State of Play’s TL;DR
- Kentucky lawmakers filed HB 904 to legalize fixed-odds wagering for horse racing, offering bettors set prices at bet time rather than changing pari‑mutuel odds.
- This bill also proposes a purse-stabilization fund, tote system upgrades, and new rules on fantasy contests and prediction markets.
Republican Reps. Matt Koch and Michael Meredith recently filed HB 904 to create fixed-odds betting in Kentucky, allowing tracks and advance-deposit wagering (ADW) platforms to set payout odds at the moment a wager is placed.
The bill responds to growing frustration with pari‑mutuel pools and computer‑assisted wagering (CAW), which can push large numbers of late bets that dramatically shift tote odds.
Koch said the bill “puts it in the hands of the tracks to test the waters” and aims to give bettors the consistency of knowing odds won’t change during a race. HB 904 also creates a purse stabilization fund funded by a 15% excise on adjusted gross revenue from fixed‑odds wagers, and requires tote upgrades to provide more frequent odds updates by April 1, 2027.

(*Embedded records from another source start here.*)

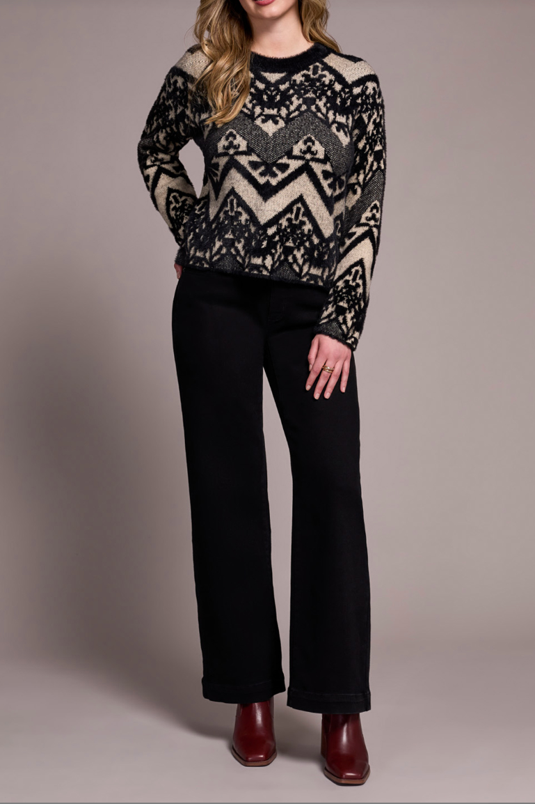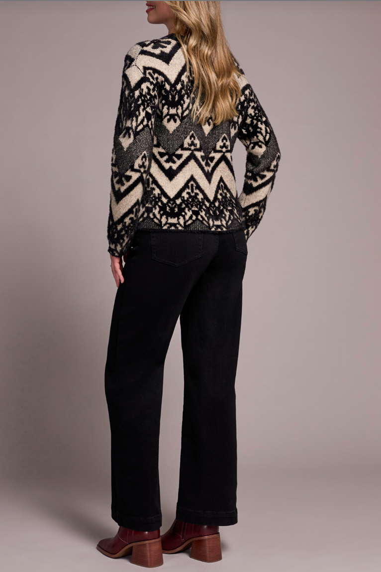 The sweater that goes with everything and you will wear again and agin. Long sleeve crew neck sweater in black and taupe with full pattern front and back.
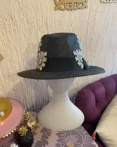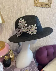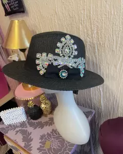 Sombrero con aplicación tipo Hindu con cristales. Da de S a M 💜
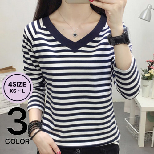 나바바 / 여성 캐주얼 단가라 브이넥 긴팔 티셔츠 NT986/ 3컬러/ 4사이즈
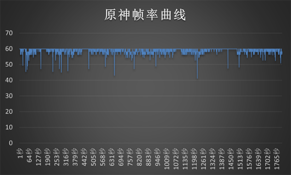 談起手機(jī)性能,《原神》自然是絕佳的“性能檢測(cè)裝置”,能否持續(xù)流暢不掉幀運(yùn)行才是根本,三星S23當(dāng)然不容錯(cuò)過,在30分鐘特效全開,60幀的高幀率模式下,通過幀數(shù)曲線可以看出,三星S23整體幀數(shù)保持得相對(duì)穩(wěn)定,平均幀數(shù)為59 FPS,即使是在頻繁切換人物釋放技能的狀態(tài)下游戲也沒有卡頓現(xiàn)象。

Bill also prohibits affiliations with prediction markets
Fixed odds mean price certainty. No more seeing a horse move from 8‑1 to 3‑1 in the final minute, which should appeal to recreational players wary of volatile tote swings.
Operators could unlock new revenue streams through on‑track and ADW fixed‑odds offerings. The bill’s 15% levy on adjusted gross revenue funnels money into purses via the stabilization fund (supplements capped at 10% annually). Tracks will need to invest in faster totalizator systems to comply with the April 2027 access requirement, and regulators would license fantasy contest operators while setting a 21‑year age limit for sports betting and fantasy (horse betting stays at 18).
The bill also prohibits licensed racing and wagering entities from affiliating with prediction market operators, a move aimed at protecting regulated markets from products that claim to be ‘‘contracts’’ rather than wagers. States that already allow fixed odds – New Jersey, Colorado, and West Virginia – provide reference points for how Kentucky’s market could evolve.